It is possible to do an experiment to demonstrate this. For example, take an electric bar fire where the heating element has a certain temperature--let's say it is 1000°C. Now according to your hypothesis you could use a system of mirrors, lenses and other passive elements to concentrate the heat from the fire and achieve a temperature higher than 1000°C. For instance you could focus the heat on a thermometer element and make the thermometer read higher than the source temperature. I don't think you would be able to do so. -
It is possible to do an experiment to demonstrate this. For example, take an electric bar fire where the heating element has a certain temperature--let's say it is 1000°C. Now according to your hypothesis you could use a system of mirrors, lenses and other passive elements to concentrate the heat from the fire and achieve a temperature higher than 1000°C. For instance you could focus the heat on a thermometer element and make the thermometer read higher than the source temperature.

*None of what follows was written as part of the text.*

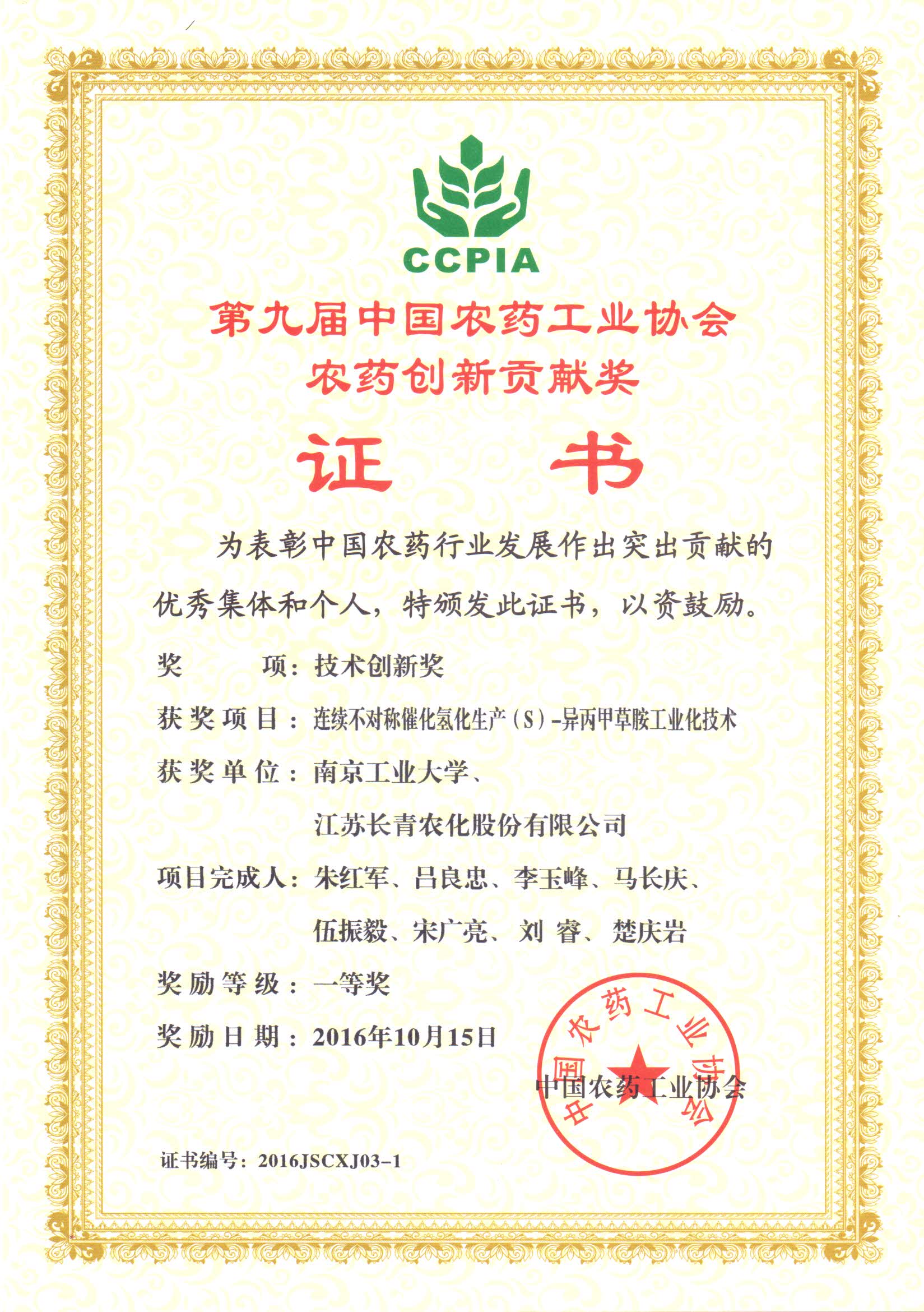 公司太阳成集团tyc副经理朱红军教授课题组和江苏长青农化股份有限公司共同完成的“连续不对称催化氢化生产(S)-异丙甲草胺工业化技术”项目,荣获第九届中国农药创新贡献奖(技术创新奖一等奖),该项目先后获得科技部“十二五”科技支撑计划和江苏省科技成果转化专项资金项目的立项资助,并通过科技部组织的专家委员会的验收与中国石油和化学工业协会组织的科技成果鉴定。

I don't think you would be able to do so.
Of course you can do this. If you are saying that no matter how much energy you send to a target, it stays at the same temperature, that is defying all the laws of physics.
A simple thought experiment. You have set up one heater with a convex mirror and a target at the focal point heats up to 1000 deg. Now you add 9 more heaters with mirrors pointing to the same target. If the target is a black body, all the photons from the other 9 heaters will get absorbed by the target. A black body by definition absorbs all photons as it cannot reflect any photons. It is now absorbing 10 times the power that it was absorbing with one heater. If it stayed at 1000 deg, that would mean it can only radiate the same heat as it could with one heater. The only way it can radiate 10 times the heat it was radiating with one heater is for the temperature to go up to well over 1000 deg. Conservation of energy requires the temperature to increase to whatever is needed to increase the radiated heat by a factor of 10. You cannot have the heat from the 9 extra heaters disappearing into a void.
It seems like you have the view that a a black body at 1000 deg can only receive photons from and object that is over 1000 deg and that is totally untrue since photons have no temperature. A black body at 1000 deg can receive photons emitted by a body at 1 deg absolute. A red photon emitted by some cryogenic LED at -200 deg and a red photon emitted by the Sun are absolutely identical and so the receiving black body absorbs both exactly equally.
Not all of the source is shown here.